**Directions for this task:** Line by line, transcribe the data below exactly and pass over the images.

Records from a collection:
★ ★ ★ ★ ★ ★ ★
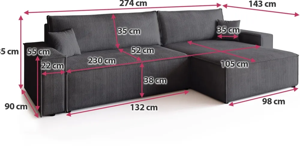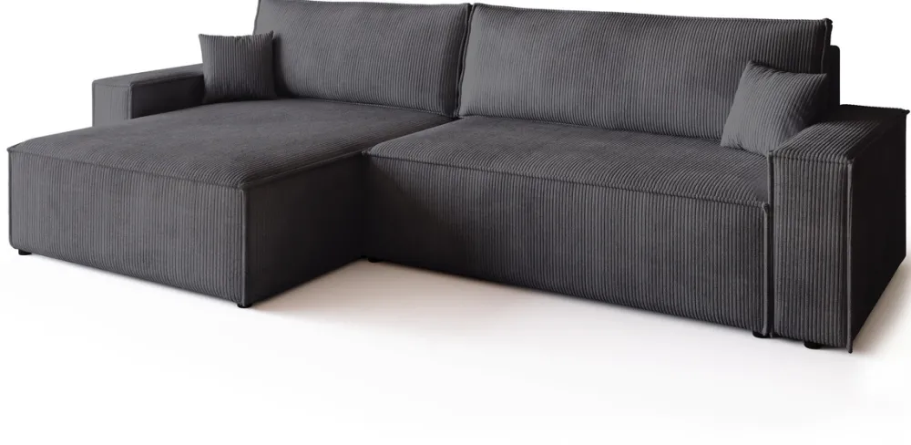Ten narożnik to doskonałe połączenie komfortu, praktyczności i nowoczesnego designu. Obszyty modną sztruksową tkaniną, wprowadza do wnętrza ciepło i przytulność, a jego funkcjonalność sprawia, że idealnie sprawdzi się zarówno na co dzień, jak i podczas wizyt gości. Duża powierzchnia spania, wygodne siedzisko i pojemnik na pościel to wszystko, czego potrzebujesz, by stworzyć komfortową przestrzeń relaksu.
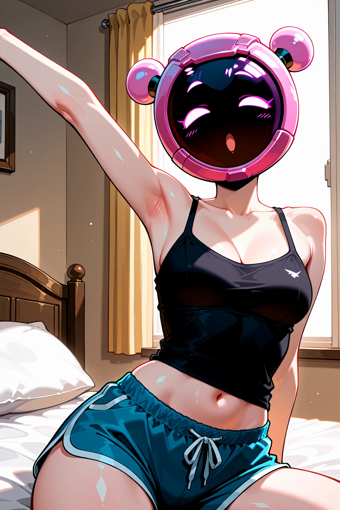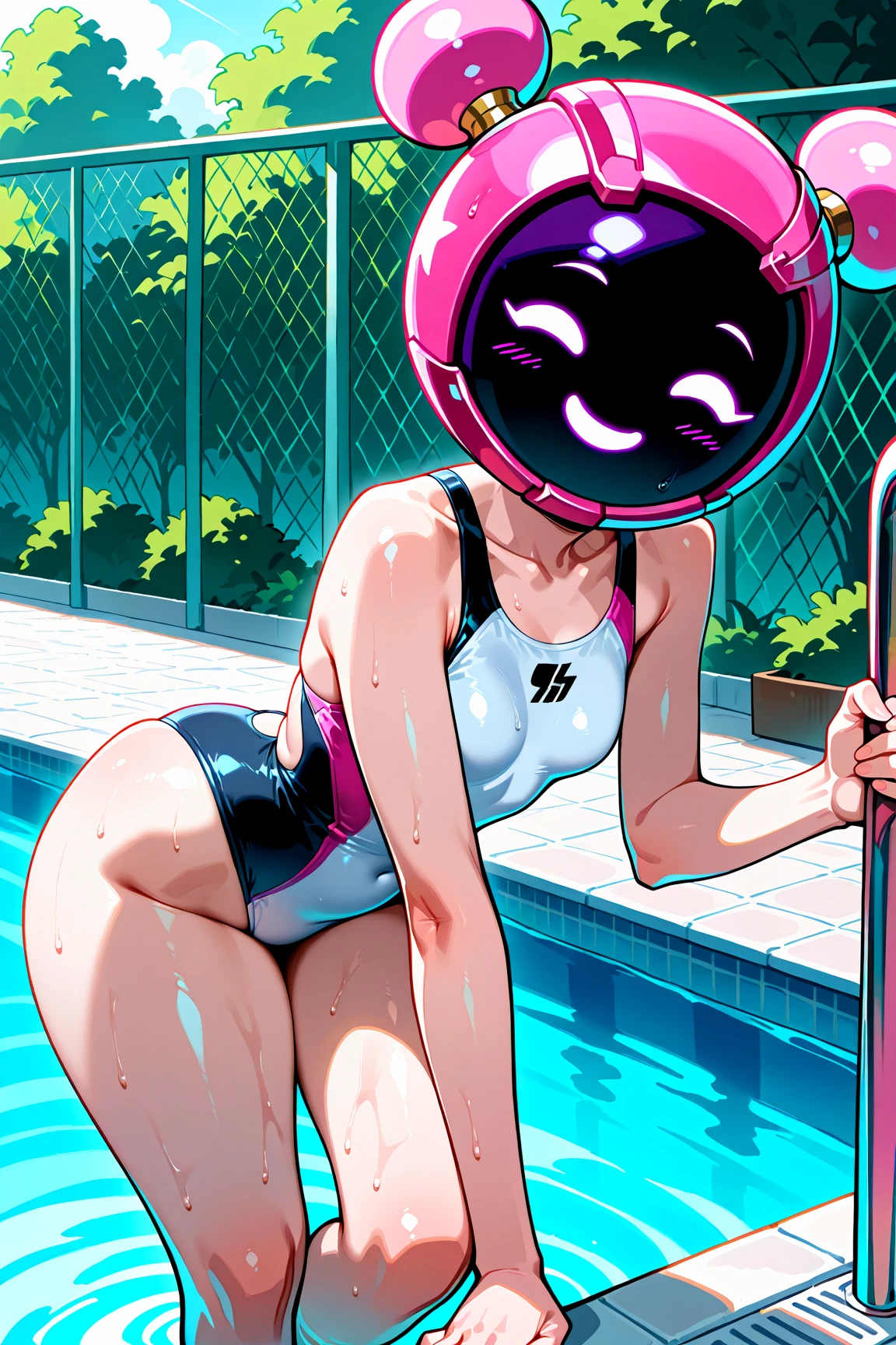 CTRider, pink eyes, mob face, no sclera, no pupils, pink helmet, covered face
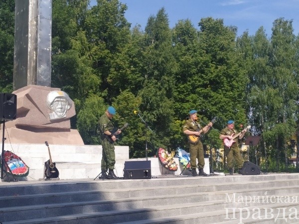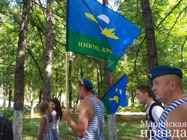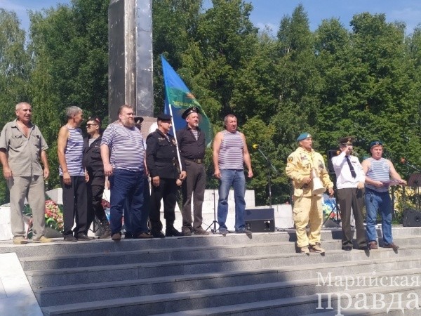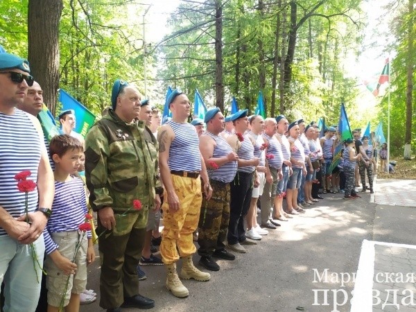 Затем общее собрание продолжилось возле обелиска павшим воинам, где героев праздника поздравили их братья «по тельняшкам» - военные моряки, представители союза десантников Зеленодольска. На мероприятии выступила группа «Выбор» из Йошкар-Олы, которая исполнила любимые хиты, посвященные подвигу 6 роты, офицерскому составу и всем защитникам Родины.
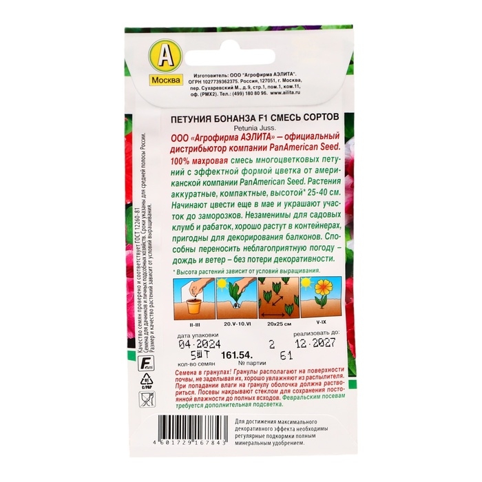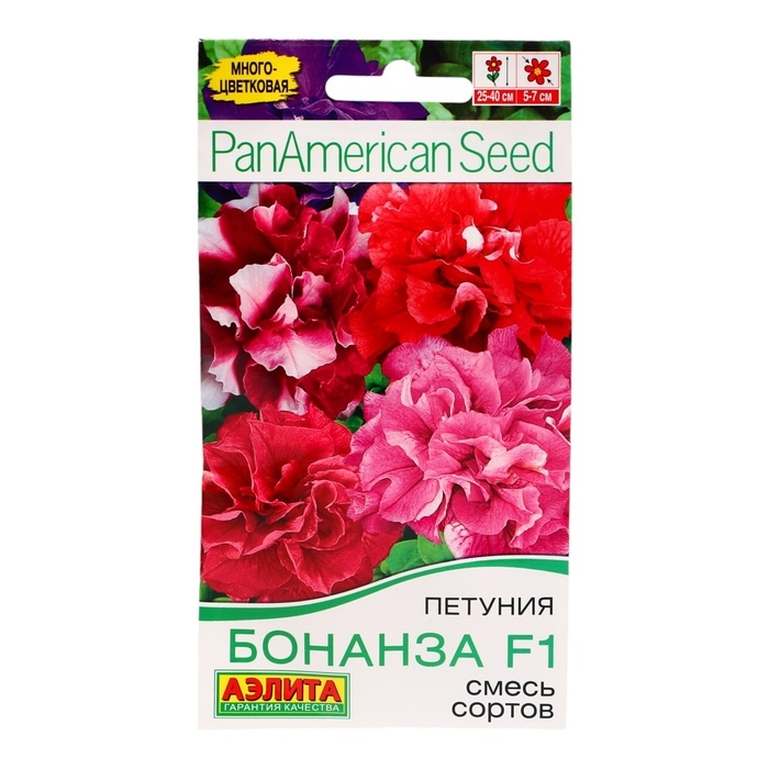 Семена цветов Петуния Бонанза F1, обильноцветущая махровая, смесь окрасок, 5 шт
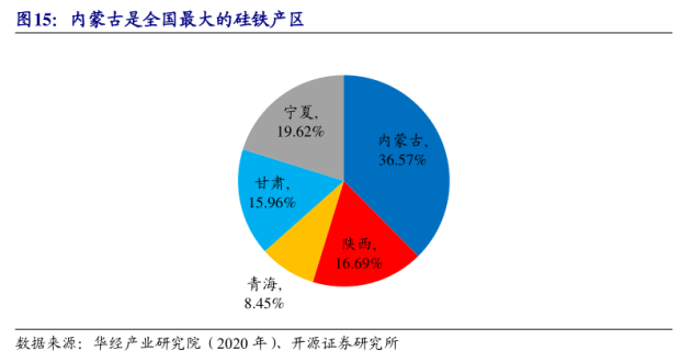 资料显示,目前全国硅铁产地主要有内蒙古、青海、陕西、宁夏,占比分别为36.6%、9.6%、16.7%和16.0%,在硅铁主产地内蒙古,鄂尔多斯占比六成,君正占比两成,其余产量由其他小厂贡献。
★ ★ ★ ★ ★ ★ ★
**Answer below:**
Ten narożnik to doskonałe połączenie komfortu, praktyczności i nowoczesnego designu. Obszyty modną sztruksową tkaniną, wprowadza do wnętrza ciepło i przytulność, a jego funkcjonalność sprawia, że idealnie sprawdzi się zarówno na co dzień, jak i podczas wizyt gości. Duża powierzchnia spania, wygodne siedzisko i pojemnik na pościel to wszystko, czego potrzebujesz, by stworzyć komfortową przestrzeń relaksu.
 CTRider, pink eyes, mob face, no sclera, no pupils, pink helmet, covered face
 Затем общее собрание продолжилось возле обелиска павшим воинам, где героев праздника поздравили их братья «по тельняшкам» - военные моряки, представители союза десантников Зеленодольска. На мероприятии выступила группа «Выбор» из Йошкар-Олы, которая исполнила любимые хиты, посвященные подвигу 6 роты, офицерскому составу и всем защитникам Родины.
 Семена цветов Петуния Бонанза F1, обильноцветущая махровая, смесь окрасок, 5 шт
 资料显示,目前全国硅铁产地主要有内蒙古、青海、陕西、宁夏,占比分别为36.6%、9.6%、16.7%和16.0%,在硅铁主产地内蒙古,鄂尔多斯占比六成,君正占比两成,其余产量由其他小厂贡献。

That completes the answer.